Impact Connect: Njambre

Leave a comment
Social impact, sustainability

I had the pleasure of meeting with the Executive Director of the widely-awarded social enterprise Njambre at their coworking space in Buenos Aires.

Njambre started three years ago as a business accelerator for other social enterprises in Argentina and the region.

After success starting a few companies in that model as well as supporting a local network they decided the incubator model was perhaps a bit early for the social enterprise ecosystem in Argentina. With a passion to demonstrate impact oriented business at scale, Njambre has pivoted its model to focus on deeper development of four businesses that came out of its earlier structure.

1. Arbusta provides digital work opportunities for youth and women in underserved communities in Argentina and, more recently, Colombia. They start by providing local training opportunities where individuals meet in one of the centers (5 so far) and get training on data management and software testing for 3 months. They have reached 200 people with this training as of 2015. Then they recruit from the trainee pools for new jobs with Arbusta clients in Argentina, Latin America, and abroad, even the US.

2. Mamagrande formed out of collaboration with a biotech engineer. The goal is a virtuous life cycle of water cleaning and bio production that doesn’t take from or compete with food sources. The plan is to cultivate micro organisms in waste water areas to clean the water and stimulate starchy biomass from which they can make plastics and possibly other products such as bio fertilizers. This is in early stages but I’m excited by it — traveling through South America it’s evident the high number of polluted bodies of water and the resulting issue of potable water access, bottled sources.

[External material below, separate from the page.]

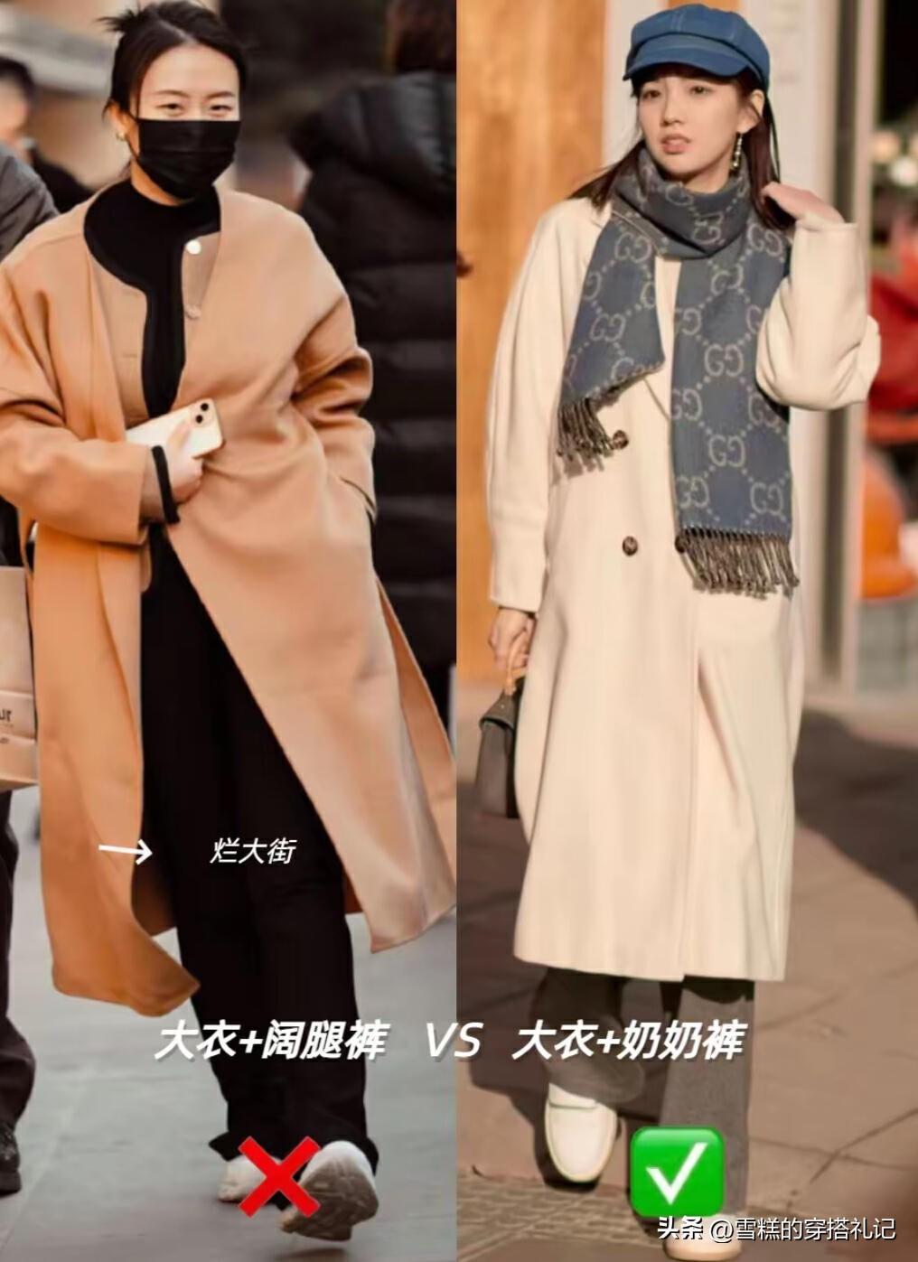 當你走在上海街頭,就會發現大家早就不穿闊腿褲了,寬大的褲腿顯胖就算了,還會顯得腿粗一圈,不管是配大衣、羽絨服還是皮草,配闊腿褲總是不夠時髦洋氣,而且還容易降低最終造型的美觀性。

3. Umana is a health subscription model where members of underserved, often indigenous, communities pay the equivalent of $5 annually to get access to a network of doctors near them who are willing to help them avoid the long waits typically associated with other local options. Because of the schedules of these low income workers they’re often unable to wait long stretches for the doctor and hence health utilization is low. So far they’ve reached 70,000 women in Northwest Argentina and hope to expand this wider across Latin America.

4. Teqxac is designed to be a simple to use, high impact software for inventory, sales, logistics tracking for small producers such as small farmers and waste pickers cooperatives.

///

Alongside efforts to scale the impact of its four associated companies, Njambre continues to support collaboration within the Argentinian social enterprise space, with members of various organizations working together in Njambre’s coworking space.

In a similar spirit, they’re combining the knowledge of their group to share resources as a consulting service to other interested parties in Latin America and beyond.

Njambre’s goals are ambitious. I look forward to hearing more!

///

Notes: * photo is from Njambre’s website. *  I have no preferential ties with Njambre, as an investor, employee etc.